We strongly support what such organisations are attempting to do to meet individual problems which cannot be dealt with by either complex or uniform legislative provisions. We will confer with the State Premiers to see what can be done to assist this valuable work.

Immigration

A large and sustained programme of immigration is a very important element in national growth. It sustains confidence for the future, and is of great assistance to forward business planning.

This year we are increasing our overall target by 10,000 to 135,000. All the signs are, judging by last year’s experience, that this target will be exceeded. We will continue our programmes into future years with vigour and imagination.

Papua and New Guinea

Recently, at Port Moresby, I took the opportunity of broadcasting a statement on our policy and intentions for the future of Papua and New Guinea. All I need do now is to summarise what I then said.

We will press on with education, not only for political citizenship but for technical and administrative skill.
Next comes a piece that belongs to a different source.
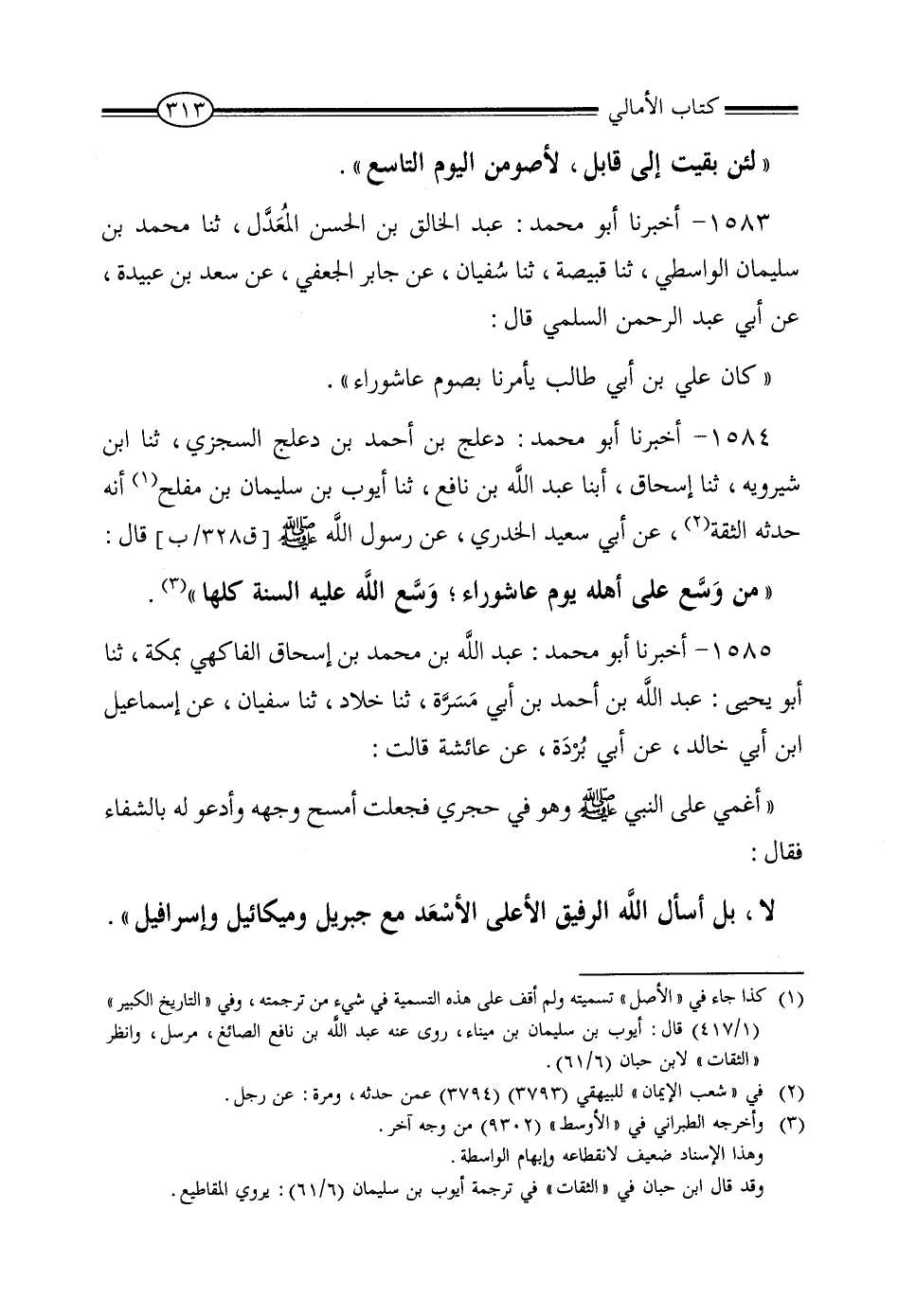 1584 - أَخْبَرَنَا أَبُو مُحَمَّدٍ: دَعْلَجُ بْنُ أَحْمَدَ بْنِ دَعْلَجٍ السِّجْزِيُّ، ثنا ابْنُ شِيرَوَيْهِ، ثنا إِسْحَاقُ، أبنا عَبْدُ اللَّهِ بْنُ نَافِعٍ، ثنا أَيُّوبُ بْنُ سُلَيْمَانَ بْنِ مُفْلِحٍ، أَنَّهُ حَدَّثَهُ الثِّقَةُ، عَنْ أَبِي سَعِيدٍ الْخُدْرِيِّ، عَنْ رَسُولِ اللَّهِ , صَلَّى اللَّهُ عَلَيْهِ وَسَلَّمَ , قَالَ: مَنْ وَسَّعَ عَلَى أَهْلِهِ يَوْمَ عَاشُورَاءَ؛ وَسَّعَ اللَّهُ عَلَيْهِ السَّنَةَ كُلَّهَا

We will do all possible to improve rural production, both for consumption and export. We will develop markets, improve transport facilities. We will encourage capital investment, without which progress will be slow. We will, by the creation of local governing bodies and by means of a largely elective Legislative Council, help the indigenous inhabitants to learn the art and science of self-government, so that when the time comes for them to make a choice, they will do so freely and with knowledge.

Meanwhile, we will continue to provide growing financial support and, as I have repeatedly said, we will defend Papua and New Guinea as if they were part of the Australian mainland.

Final

I end, as I began, with a reference to the vital issues. We are asking for a Mandate. There are times in a goodnatured country like our own, when people are tempted to say, ‘Well, things are good; we can take a chance. And if it turns out wrong, we can easily send for the others.’

Forget it. The choice you make this time will decide the political and economic future of Australia for ten years. If it endangers our great alliances, repair will be difficult and slow. If it initiates a great burst of inflation and rising prices and costs, the answer will be difficult and slow, and the economic casualties high. If, to pay for hundreds of millions of added expenditure, a Labour Government increased taxes commensurately by increasing personal income tax and company tax steeply, or invented new taxes, or inflated the currency, with reduced true incomes, it will be too late to say, ‘We didn’t know it was loaded!’

You will not be able to indulge in the luxury of second thoughts, or of an early and successful repentance. Put the A.L.P. into power this time, and you will suffer the consequences for long after my time, or that of some of my most experienced colleagues. Our alliances broken, our export industries defeated by inflated costs, the Communists encouraged and active, our country will find that it has abandoned the substance for the shadow, National Security through alliances for a species of impotent isolation, and a steady growth for a spectacular decline.

Australia is at the cross-roads. Which road will you take?